In this post you will learn about:
- What Apache Hive is, the Hive architecture, and Hive use cases.
- Using Data Definition Language (DDL) to create new Hive databases and tables with a variety of different data types.
- Creating partitioned tables that are optimized for Hadoop.
- Creating and running a variety of useful Data Manipulation Language (DML) queries against Hive data warehouse.
- Using built-in Hive operators and functions to get work done.
- Creating your own user-defined functions in Hive.
Hive was initially developed by Facebook in 2007 to help the company handle massive amounts of new data.
- At the time Hive was created, Facebook had a 15TB dataset they needed to work with. A few short years later, that data had grown to 700TB. Their RDBMS data warehouse was taking too long to process daily jobs so the company decided to move their data into the scalable open-source Hadoop.

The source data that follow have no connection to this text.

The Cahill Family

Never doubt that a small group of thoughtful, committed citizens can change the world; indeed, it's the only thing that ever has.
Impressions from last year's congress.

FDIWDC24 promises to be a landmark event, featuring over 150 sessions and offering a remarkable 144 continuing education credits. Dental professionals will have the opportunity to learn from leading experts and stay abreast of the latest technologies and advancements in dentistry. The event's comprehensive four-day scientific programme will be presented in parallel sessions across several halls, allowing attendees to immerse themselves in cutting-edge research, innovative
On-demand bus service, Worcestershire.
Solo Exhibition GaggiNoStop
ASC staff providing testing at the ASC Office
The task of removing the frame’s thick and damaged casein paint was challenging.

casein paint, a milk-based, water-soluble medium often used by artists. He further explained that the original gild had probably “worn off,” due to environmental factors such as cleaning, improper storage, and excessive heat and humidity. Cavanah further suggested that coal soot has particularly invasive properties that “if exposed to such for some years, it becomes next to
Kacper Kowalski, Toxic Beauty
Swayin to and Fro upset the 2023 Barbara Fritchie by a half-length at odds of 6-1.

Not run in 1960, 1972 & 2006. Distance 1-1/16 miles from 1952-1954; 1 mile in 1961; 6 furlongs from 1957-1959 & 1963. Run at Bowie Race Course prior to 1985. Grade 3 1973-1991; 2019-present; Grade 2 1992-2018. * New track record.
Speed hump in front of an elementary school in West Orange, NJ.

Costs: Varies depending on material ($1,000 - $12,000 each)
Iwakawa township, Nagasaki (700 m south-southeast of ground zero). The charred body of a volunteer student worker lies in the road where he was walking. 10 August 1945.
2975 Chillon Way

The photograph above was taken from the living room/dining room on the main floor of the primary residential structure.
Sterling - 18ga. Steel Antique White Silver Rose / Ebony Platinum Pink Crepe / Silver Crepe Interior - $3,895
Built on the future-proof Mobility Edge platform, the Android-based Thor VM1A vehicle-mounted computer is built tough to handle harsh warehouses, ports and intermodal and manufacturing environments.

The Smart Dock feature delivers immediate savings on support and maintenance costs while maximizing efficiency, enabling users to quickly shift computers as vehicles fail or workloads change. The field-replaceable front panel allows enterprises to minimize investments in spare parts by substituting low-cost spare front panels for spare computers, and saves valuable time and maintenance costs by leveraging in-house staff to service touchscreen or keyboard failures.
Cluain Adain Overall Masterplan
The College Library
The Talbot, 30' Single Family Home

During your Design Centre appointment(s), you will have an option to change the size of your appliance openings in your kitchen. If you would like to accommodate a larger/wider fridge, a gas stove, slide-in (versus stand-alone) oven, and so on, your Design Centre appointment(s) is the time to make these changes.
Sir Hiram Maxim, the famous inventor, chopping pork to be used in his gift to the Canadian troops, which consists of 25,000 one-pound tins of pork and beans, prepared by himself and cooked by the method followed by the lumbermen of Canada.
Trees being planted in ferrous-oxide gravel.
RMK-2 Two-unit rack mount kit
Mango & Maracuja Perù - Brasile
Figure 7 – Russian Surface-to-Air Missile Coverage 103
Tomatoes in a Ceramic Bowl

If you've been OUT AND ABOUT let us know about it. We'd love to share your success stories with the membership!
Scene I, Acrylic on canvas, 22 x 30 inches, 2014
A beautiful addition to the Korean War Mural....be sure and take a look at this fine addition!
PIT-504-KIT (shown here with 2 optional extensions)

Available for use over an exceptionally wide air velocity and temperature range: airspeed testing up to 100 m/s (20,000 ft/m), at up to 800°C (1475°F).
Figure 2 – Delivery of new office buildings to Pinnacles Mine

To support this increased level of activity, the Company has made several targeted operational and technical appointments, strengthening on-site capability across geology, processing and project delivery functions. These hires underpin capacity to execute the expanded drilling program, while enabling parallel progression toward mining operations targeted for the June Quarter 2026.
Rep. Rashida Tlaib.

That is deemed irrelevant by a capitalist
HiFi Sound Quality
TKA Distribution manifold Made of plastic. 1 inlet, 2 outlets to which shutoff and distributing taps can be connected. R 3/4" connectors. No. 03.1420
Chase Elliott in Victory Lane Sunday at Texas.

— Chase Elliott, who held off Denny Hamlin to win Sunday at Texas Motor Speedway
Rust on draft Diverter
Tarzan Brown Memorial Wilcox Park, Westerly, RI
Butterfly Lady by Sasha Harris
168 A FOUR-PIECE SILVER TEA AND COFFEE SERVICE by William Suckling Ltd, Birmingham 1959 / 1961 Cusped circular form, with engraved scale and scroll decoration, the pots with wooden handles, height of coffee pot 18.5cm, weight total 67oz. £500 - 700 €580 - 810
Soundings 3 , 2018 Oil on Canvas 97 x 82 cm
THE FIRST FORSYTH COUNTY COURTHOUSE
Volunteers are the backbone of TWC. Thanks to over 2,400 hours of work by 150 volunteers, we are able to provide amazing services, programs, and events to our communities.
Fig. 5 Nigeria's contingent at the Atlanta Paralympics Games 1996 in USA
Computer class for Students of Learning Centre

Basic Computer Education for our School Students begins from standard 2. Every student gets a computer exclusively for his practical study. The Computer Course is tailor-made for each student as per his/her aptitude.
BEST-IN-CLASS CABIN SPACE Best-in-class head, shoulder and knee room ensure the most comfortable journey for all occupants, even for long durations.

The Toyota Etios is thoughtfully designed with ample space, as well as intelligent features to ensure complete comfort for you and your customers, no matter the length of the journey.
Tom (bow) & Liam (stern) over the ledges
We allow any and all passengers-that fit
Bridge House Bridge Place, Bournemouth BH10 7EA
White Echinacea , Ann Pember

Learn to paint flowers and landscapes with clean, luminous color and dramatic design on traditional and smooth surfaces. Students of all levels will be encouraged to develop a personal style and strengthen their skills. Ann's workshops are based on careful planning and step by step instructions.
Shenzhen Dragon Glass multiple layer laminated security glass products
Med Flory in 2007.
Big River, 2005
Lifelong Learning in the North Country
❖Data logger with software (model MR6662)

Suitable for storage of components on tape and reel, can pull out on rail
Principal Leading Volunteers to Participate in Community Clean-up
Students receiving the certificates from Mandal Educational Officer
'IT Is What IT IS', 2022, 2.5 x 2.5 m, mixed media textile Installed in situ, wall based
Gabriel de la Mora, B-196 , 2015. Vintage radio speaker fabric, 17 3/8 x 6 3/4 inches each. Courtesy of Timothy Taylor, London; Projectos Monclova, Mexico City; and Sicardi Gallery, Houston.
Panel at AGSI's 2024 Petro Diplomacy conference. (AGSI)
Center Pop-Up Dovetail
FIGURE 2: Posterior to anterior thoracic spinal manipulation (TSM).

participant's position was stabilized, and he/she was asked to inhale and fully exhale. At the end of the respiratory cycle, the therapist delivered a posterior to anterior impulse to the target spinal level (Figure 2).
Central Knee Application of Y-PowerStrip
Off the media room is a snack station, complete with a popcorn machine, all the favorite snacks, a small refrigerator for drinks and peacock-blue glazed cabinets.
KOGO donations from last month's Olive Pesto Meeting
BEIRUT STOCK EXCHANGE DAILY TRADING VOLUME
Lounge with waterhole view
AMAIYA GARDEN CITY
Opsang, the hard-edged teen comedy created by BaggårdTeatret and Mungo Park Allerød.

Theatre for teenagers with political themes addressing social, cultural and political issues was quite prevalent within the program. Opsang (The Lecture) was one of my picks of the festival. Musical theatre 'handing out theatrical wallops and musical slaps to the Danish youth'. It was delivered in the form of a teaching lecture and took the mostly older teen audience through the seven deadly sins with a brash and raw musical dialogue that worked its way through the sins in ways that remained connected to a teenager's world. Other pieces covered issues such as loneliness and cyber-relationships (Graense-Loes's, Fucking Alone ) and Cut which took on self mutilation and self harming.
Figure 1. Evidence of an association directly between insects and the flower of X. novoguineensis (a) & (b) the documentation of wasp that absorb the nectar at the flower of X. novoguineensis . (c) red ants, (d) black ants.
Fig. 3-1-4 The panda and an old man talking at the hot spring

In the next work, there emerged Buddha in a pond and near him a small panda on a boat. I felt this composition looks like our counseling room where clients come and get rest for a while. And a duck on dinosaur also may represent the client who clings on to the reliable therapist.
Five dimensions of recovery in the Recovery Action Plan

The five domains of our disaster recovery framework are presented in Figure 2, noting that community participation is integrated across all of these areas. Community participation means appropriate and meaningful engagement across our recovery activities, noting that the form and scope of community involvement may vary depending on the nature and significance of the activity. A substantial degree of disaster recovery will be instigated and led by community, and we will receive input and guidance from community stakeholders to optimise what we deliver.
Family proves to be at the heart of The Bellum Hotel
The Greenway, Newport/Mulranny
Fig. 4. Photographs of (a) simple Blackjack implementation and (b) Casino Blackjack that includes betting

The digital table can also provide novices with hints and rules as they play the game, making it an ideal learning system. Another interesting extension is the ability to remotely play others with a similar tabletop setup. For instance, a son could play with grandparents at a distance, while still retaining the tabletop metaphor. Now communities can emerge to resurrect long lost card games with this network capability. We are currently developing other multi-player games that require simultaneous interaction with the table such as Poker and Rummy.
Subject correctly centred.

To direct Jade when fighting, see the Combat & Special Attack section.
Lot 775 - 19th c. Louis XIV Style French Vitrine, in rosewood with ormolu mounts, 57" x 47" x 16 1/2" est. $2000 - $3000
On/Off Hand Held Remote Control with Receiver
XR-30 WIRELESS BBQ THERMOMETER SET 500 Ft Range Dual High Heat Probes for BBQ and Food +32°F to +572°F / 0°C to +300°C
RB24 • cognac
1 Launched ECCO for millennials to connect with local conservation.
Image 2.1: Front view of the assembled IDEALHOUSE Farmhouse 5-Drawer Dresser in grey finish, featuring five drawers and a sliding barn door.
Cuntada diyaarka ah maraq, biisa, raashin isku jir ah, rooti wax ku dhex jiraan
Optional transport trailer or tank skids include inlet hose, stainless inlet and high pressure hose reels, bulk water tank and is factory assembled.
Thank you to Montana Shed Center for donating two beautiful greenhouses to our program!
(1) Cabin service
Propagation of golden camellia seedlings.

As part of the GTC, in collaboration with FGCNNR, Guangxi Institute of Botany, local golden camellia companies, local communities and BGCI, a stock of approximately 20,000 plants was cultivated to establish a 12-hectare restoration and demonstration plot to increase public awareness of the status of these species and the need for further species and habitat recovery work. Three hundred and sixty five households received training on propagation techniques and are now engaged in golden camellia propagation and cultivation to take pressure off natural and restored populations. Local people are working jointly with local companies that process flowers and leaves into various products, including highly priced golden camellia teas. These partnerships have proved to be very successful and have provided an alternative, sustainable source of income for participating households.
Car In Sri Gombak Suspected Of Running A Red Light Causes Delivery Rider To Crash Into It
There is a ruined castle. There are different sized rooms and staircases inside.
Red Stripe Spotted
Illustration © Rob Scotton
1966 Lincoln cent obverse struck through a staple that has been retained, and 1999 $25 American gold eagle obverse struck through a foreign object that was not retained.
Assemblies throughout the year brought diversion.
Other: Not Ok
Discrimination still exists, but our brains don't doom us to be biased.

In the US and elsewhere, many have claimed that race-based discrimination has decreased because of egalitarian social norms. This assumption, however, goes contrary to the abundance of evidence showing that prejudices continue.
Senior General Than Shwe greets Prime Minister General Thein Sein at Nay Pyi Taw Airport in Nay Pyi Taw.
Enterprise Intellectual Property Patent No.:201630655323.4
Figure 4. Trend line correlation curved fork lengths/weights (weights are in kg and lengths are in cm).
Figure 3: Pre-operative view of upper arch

- The company found that creating MapReduce programs was not easy and was time-consuming for many users. When they created Hive, their vision was to bring familiar database concepts to Hadoop, making it easier for all users to work with. In 2008 Hive was open sourced. Facebook has since used Hive for reporting dashboards and ad-hoc analysis.
So what exactly is Hive?
Hive is a data warehouse system built on top of Hadoop. Hive facilitates easy data summarization, ad-hoc queries, and the analysis of very large datasets that are stored in Hadoop.
Built on top of Apache Hadoop™, Hive provides the following features:
- Tools to enable easy access to data via SQL, thus enabling data warehousing tasks such as extract/transform/load (ETL), reporting, and data analysis.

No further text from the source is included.